🤖 AI Summary
Recommender systems face dual challenges of interaction data sparsity and popularity bias. To address these, we propose LLM-GCL: a novel framework that first leverages large language models (LLMs) for few-shot prompt-based candidate re-ranking; high-confidence synthetic interactions are then generated via majority voting, ensuring theoretical guarantees on both effectiveness and distributional consistency of data augmentation. Subsequently, the original and synthetic interactions are jointly encoded into a heterogeneous graph, where text description–driven graph contrastive learning (GCL) refines user-item representations. By synergistically mitigating data sparsity and long-tail popularity bias, LLM-GCL achieves significant improvements in Recall@K and NDCG across multiple benchmark datasets, while substantially reducing popularity bias—e.g., decreasing Item Popularity Gap by up to 23.6%—outperforming state-of-the-art baselines comprehensively.
📝 Abstract
Recommendation systems often suffer from data sparsity caused by limited user-item interactions, which degrade their performance and amplify popularity bias in real-world scenarios. This paper proposes a novel data augmentation framework that leverages Large Language Models (LLMs) and item textual descriptions to enrich interaction data.
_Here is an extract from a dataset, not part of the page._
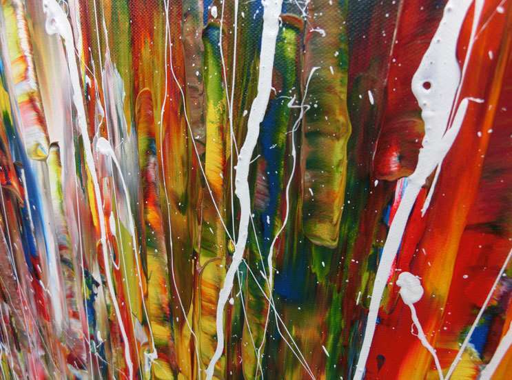 Dieses abstrakte Acrylbild ist ein handgemaltes Original vom Künstler Alex Zerr aus Bad Lisppringe und ist im Jahr 2014 in seinem Atelier entstanden. Das Bild hat eine Größe von 100x200cm und ist bereits auf einem hochwertigen und stabilem Rahmen aufgespannt. Dadurch kann das Bild nach der Lieferung direkt an die Wand gehängt werden und sofort in Ihrem Raum wirken. Alle Seiten des Gemäldes sind passend zum Motiv bemalt, so dass kein zusätzlicher Rahmen benötigt wird.

By few-shot prompting LLMs multiple times to rerank items and aggregating the results via majority voting, we generate high-confidence synthetic user-item interactions, supported by theoretical guarantees based on the concentration of measure. To effectively leverage the augmented data in the context of a graph recommendation system, we integrate it into a graph contrastive learning framework to mitigate distributional shift and alleviate popularity bias. Extensive experiments show that our method improves accuracy and reduces popularity bias, outperforming strong baselines.